- Exercise description
A full, exact copy of the listing is needed, with images omitted.

-------- Given data

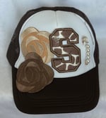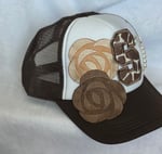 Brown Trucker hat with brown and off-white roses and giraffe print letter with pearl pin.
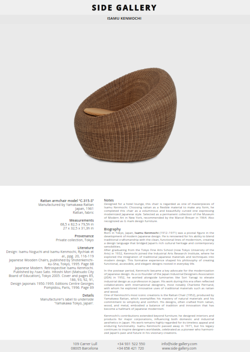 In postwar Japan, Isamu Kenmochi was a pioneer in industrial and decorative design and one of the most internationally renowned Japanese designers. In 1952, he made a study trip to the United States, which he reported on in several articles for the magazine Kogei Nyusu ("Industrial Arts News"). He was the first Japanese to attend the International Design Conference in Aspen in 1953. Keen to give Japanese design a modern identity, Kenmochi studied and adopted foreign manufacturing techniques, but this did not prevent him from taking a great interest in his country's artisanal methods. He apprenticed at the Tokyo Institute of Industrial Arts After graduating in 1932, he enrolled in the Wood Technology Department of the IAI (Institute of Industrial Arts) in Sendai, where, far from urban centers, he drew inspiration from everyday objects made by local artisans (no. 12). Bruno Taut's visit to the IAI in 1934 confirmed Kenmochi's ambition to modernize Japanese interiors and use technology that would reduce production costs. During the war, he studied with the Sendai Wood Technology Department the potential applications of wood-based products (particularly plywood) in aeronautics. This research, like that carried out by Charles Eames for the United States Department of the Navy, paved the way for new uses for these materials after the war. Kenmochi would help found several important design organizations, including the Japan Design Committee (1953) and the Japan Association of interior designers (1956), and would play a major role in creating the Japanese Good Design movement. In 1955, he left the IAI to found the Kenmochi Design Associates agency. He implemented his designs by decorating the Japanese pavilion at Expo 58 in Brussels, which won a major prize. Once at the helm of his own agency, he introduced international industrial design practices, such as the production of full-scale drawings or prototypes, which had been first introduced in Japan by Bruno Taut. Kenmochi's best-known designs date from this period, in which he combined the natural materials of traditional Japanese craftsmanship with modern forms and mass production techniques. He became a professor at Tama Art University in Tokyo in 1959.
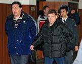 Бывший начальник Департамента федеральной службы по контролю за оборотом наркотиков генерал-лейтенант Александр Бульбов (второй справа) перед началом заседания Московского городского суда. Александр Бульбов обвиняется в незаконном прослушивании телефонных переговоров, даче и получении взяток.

----------------

- Answer to the exercise
 Brown Trucker hat with brown and off-white roses and giraffe print letter with pearl pin.
 In postwar Japan, Isamu Kenmochi was a pioneer in industrial and decorative design and one of the most internationally renowned Japanese designers. In 1952, he made a study trip to the United States, which he reported on in several articles for the magazine Kogei Nyusu ("Industrial Arts News"). He was the first Japanese to attend the International Design Conference in Aspen in 1953. Keen to give Japanese design a modern identity, Kenmochi studied and adopted foreign manufacturing techniques, but this did not prevent him from taking a great interest in his country's artisanal methods. He apprenticed at the Tokyo Institute of Industrial Arts After graduating in 1932, he enrolled in the Wood Technology Department of the IAI (Institute of Industrial Arts) in Sendai, where, far from urban centers, he drew inspiration from everyday objects made by local artisans (no. 12). Bruno Taut's visit to the IAI in 1934 confirmed Kenmochi's ambition to modernize Japanese interiors and use technology that would reduce production costs. During the war, he studied with the Sendai Wood Technology Department the potential applications of wood-based products (particularly plywood) in aeronautics. This research, like that carried out by Charles Eames for the United States Department of the Navy, paved the way for new uses for these materials after the war. Kenmochi would help found several important design organizations, including the Japan Design Committee (1953) and the Japan Association of interior designers (1956), and would play a major role in creating the Japanese Good Design movement. In 1955, he left the IAI to found the Kenmochi Design Associates agency. He implemented his designs by decorating the Japanese pavilion at Expo 58 in Brussels, which won a major prize. Once at the helm of his own agency, he introduced international industrial design practices, such as the production of full-scale drawings or prototypes, which had been first introduced in Japan by Bruno Taut. Kenmochi's best-known designs date from this period, in which he combined the natural materials of traditional Japanese craftsmanship with modern forms and mass production techniques. He became a professor at Tama Art University in Tokyo in 1959.
 Бывший начальник Департамента федеральной службы по контролю за оборотом наркотиков генерал-лейтенант Александр Бульбов (второй справа) перед началом заседания Московского городского суда. Александр Бульбов обвиняется в незаконном прослушивании телефонных переговоров, даче и получении взяток.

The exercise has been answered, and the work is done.